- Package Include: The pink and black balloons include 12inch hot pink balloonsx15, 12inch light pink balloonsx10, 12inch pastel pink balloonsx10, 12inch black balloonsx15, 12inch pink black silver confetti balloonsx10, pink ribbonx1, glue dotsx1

...

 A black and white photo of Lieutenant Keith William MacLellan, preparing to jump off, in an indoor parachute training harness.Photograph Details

* * *

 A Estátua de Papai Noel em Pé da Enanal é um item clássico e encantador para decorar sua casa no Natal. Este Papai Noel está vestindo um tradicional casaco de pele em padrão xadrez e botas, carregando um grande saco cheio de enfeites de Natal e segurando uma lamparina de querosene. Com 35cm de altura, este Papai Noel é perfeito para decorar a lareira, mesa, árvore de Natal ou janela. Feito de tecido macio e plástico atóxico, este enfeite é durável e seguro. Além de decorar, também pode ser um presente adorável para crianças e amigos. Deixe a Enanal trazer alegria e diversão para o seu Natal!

Task to carry out: Filter the records down to the lines that contain the string "black", and copy those lines.

Reply:
- Package Include: The pink and black balloons include 12inch hot pink balloonsx15, 12inch light pink balloonsx10, 12inch pastel pink balloonsx10, 12inch black balloonsx15, 12inch pink black silver confetti balloonsx10, pink ribbonx1, glue dotsx1
 A black and white photo of Lieutenant Keith William MacLellan, preparing to jump off, in an indoor parachute training harness.Photograph Details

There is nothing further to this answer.